The U.S authorities has fined Citigroup about $2M following the news of failing to supervise a junior analyst who sent some confidential and insider information about Facebook’s multi-billion floatation to two leading technology bloggers.
This fine has been made after Citigroup failed to follow and observe the lines of agreement that were drawn between Facebook and Citigroup.
William Galvin, head of Massachusetts’s top financial regulatory body, said in an official statement, “The penalty should serve as a warning to the industry as a whole”. The same regulatory body has imposed the fine on Facebook.
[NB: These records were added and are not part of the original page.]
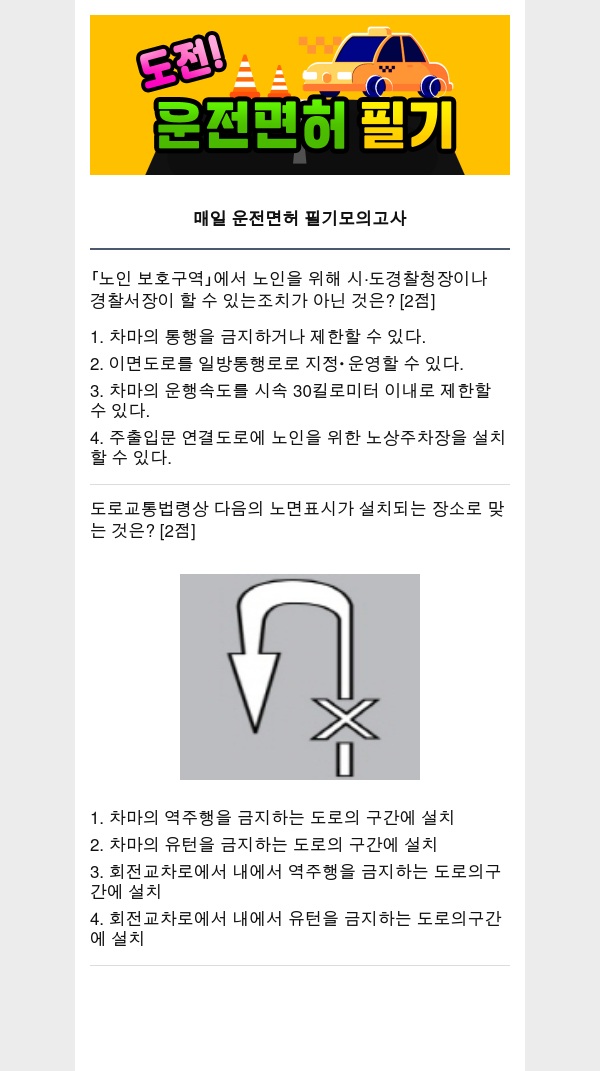 운전면허증 필기시험을 도전하는 사람들에게 모의고사 문제를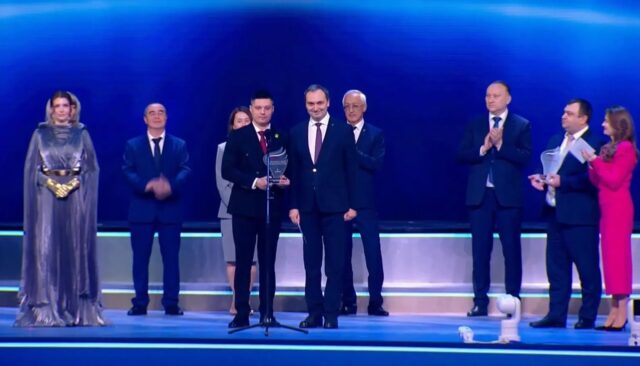Награду из рук заместителя министра строительства и ЖКХ РФ Алексея Ересько вручили за проект «Живи, село!».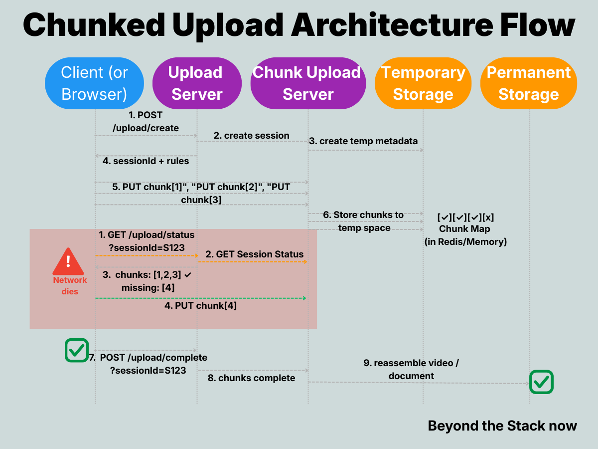 If you’re building upload APIs today, start with session IDs and chunk maps from day one. Retrofitting resumability into a monolithic upload endpoint is 10x harder than building it from the start.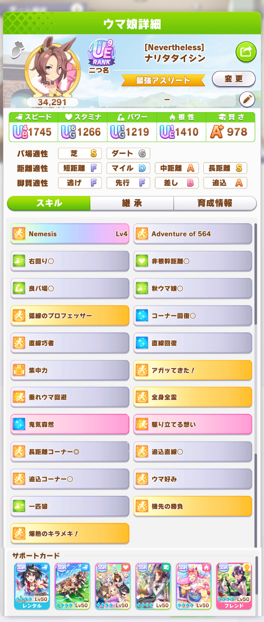 スピード1枚でカンスト、根性2枚でカンスト出来たのが要因ですね。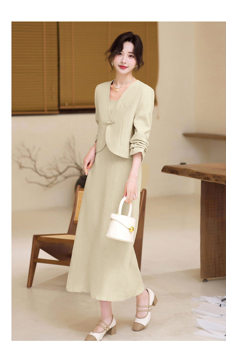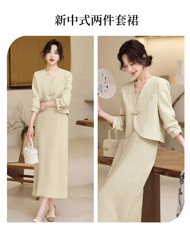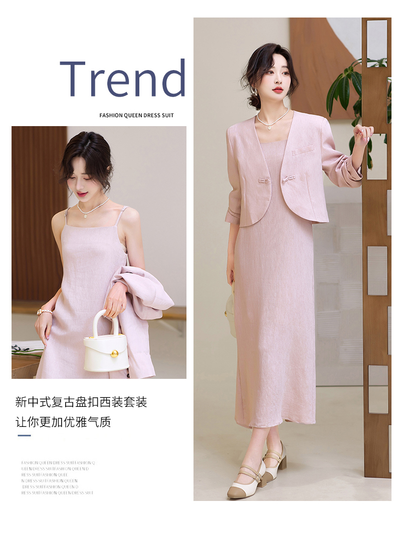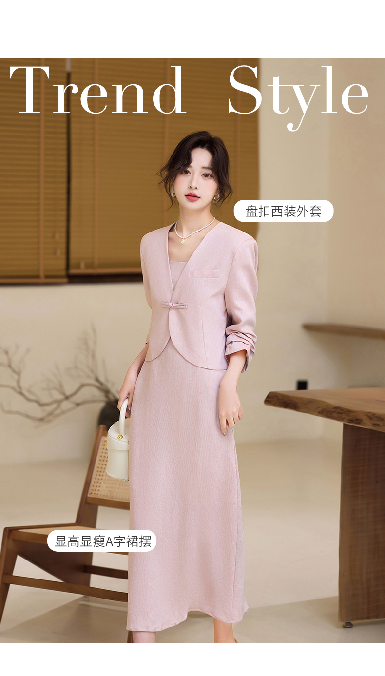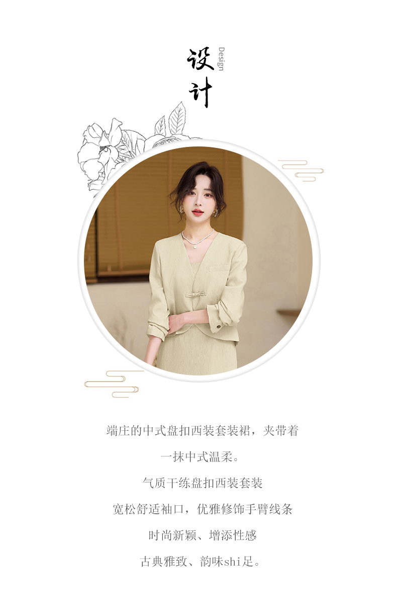 复古新中式,盘扣西装外套吊带裙两件套HR-MJ1001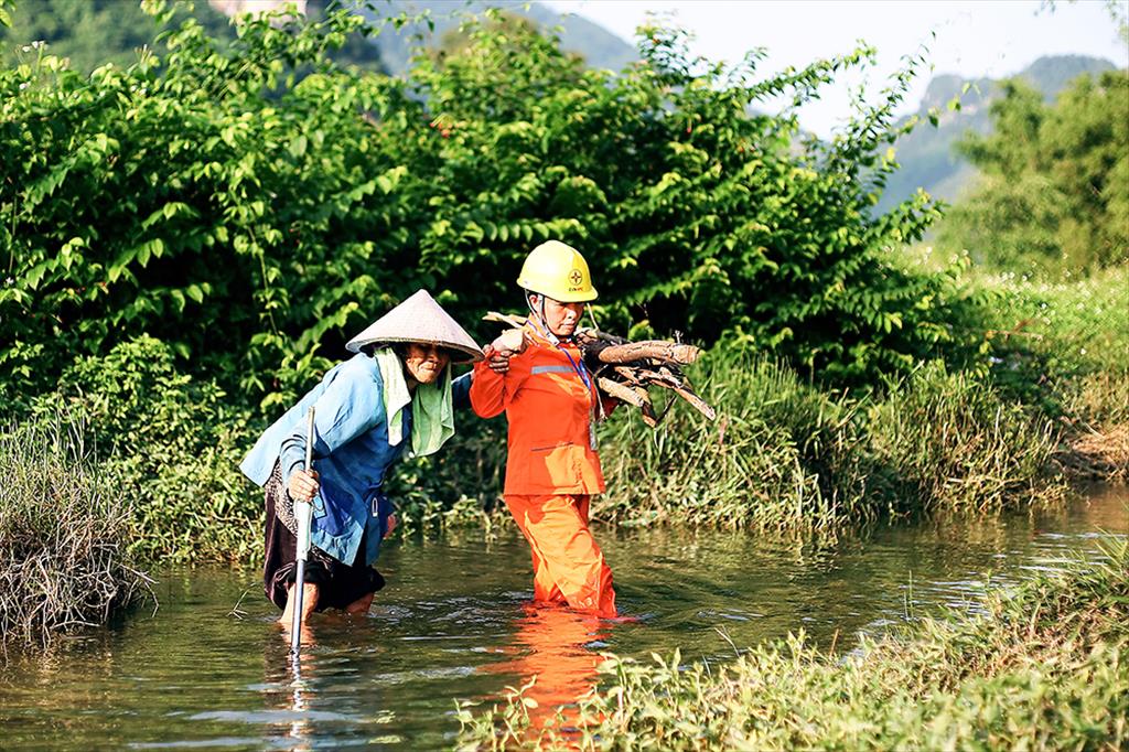 Bức ảnh “Giúp dân” của tác giả Ngọc Hoa, công nhân Điện lực Đồng Hỷ, Công ty Điện lực Thái Nguyên đã ghi lại hình ảnh đẹp của những người thợ điện vùng cao, cũng như tình cảm công – dân gần gũi của bà con dân tộc thiểu số đối với những người thợ áo cam.

Citibank was amongst those leading banks that Facebook hired to help the company to manage and sell shares of the company during the $ 104bn floatation in May.
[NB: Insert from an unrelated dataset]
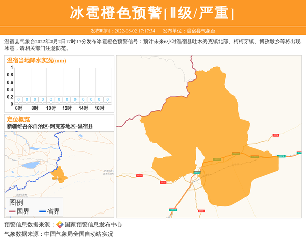 温宿县气象台2022年8月2日17时17分发布冰雹橙色预警信号:预计未来6小时温宿县吐木秀克镇北部、柯柯牙镇、博孜墩乡等将出现冰雹,请相关部门注意防范。 信息来源:国家预警信息发布中心; 发布单位:温宿县气象台。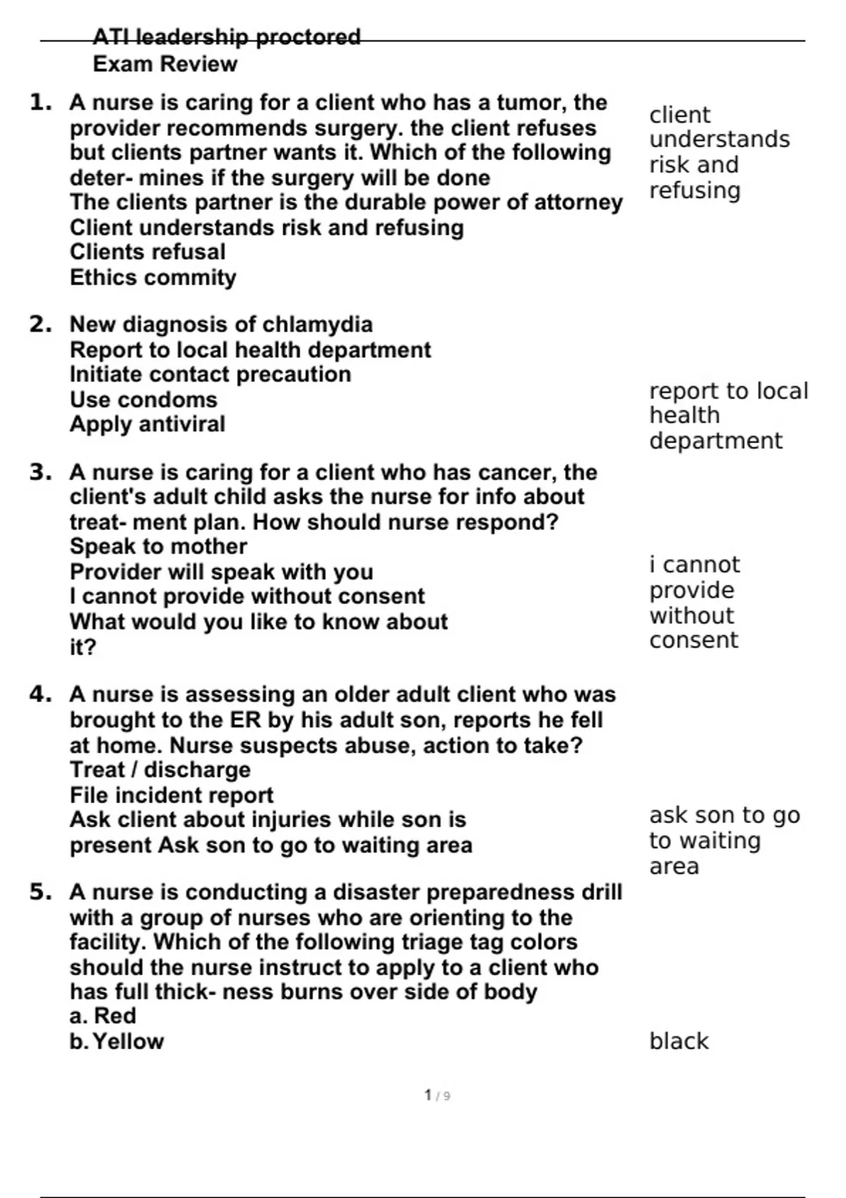 1. A nurse is caring for a client who has a tumor, the provider recommends surgery. the client refuses but clients partner wants it. Which of the following deter- mines if the surgery will be done The clients partner is the durable power of attorney Client understands risk and refusing Clients refusal Ethics commity 2. New diagnosis of chlamydia Report to local health department Initiate contact precaution Use condoms Apply antiviral 3. A nurse is caring for a client who has cancer, the client's adult child asks the nurse for info about treat- ment plan. How should nurse respond? Speak to mother Provider will speak with you I cannot provide without consent What would you like to know about it? 4. A nurse is assessing an older adult client who was brought to the ER by his adult son, reports he fell at home. Nurse suspects abuse, action to take? Treat / discharge File incident report Ask client about injuries while son is present Ask son to go to waiting area 5. A nurse is conducting a disaster preparedness drill with a group of nurses who are orienting to the facility. Which of the following triage tag colors should the nurse instruct to apply to a client who has full thick- ness burns over side of body a. Red b. Yellow

According to the U.S law, analyst at banks that have been hired for floatation of the stock purposes are not allowed and they have not any permission to distribute any research on the company until 40 days after the shares are sold.
After the thorough investigation made by Massachusetts Secretary of Commonwealth, a junior analyst that was the employee of Citigroup, emailed some secret information about Facebook on May 2. This information was emailed to Techcrunch.com which is the leading technology news and updates provider of the area.
On the other hand, Citigroup has fired the same employee during September. After making settlement of this issue, Citigroup said,” We are pleased to solve this matter”.
However, yesterday Facebook received some better news after a man who had filed a lawsuit in which he claimed that he owned about 50 percent of the social networking site. The same man was arrested and charged against these false evidences.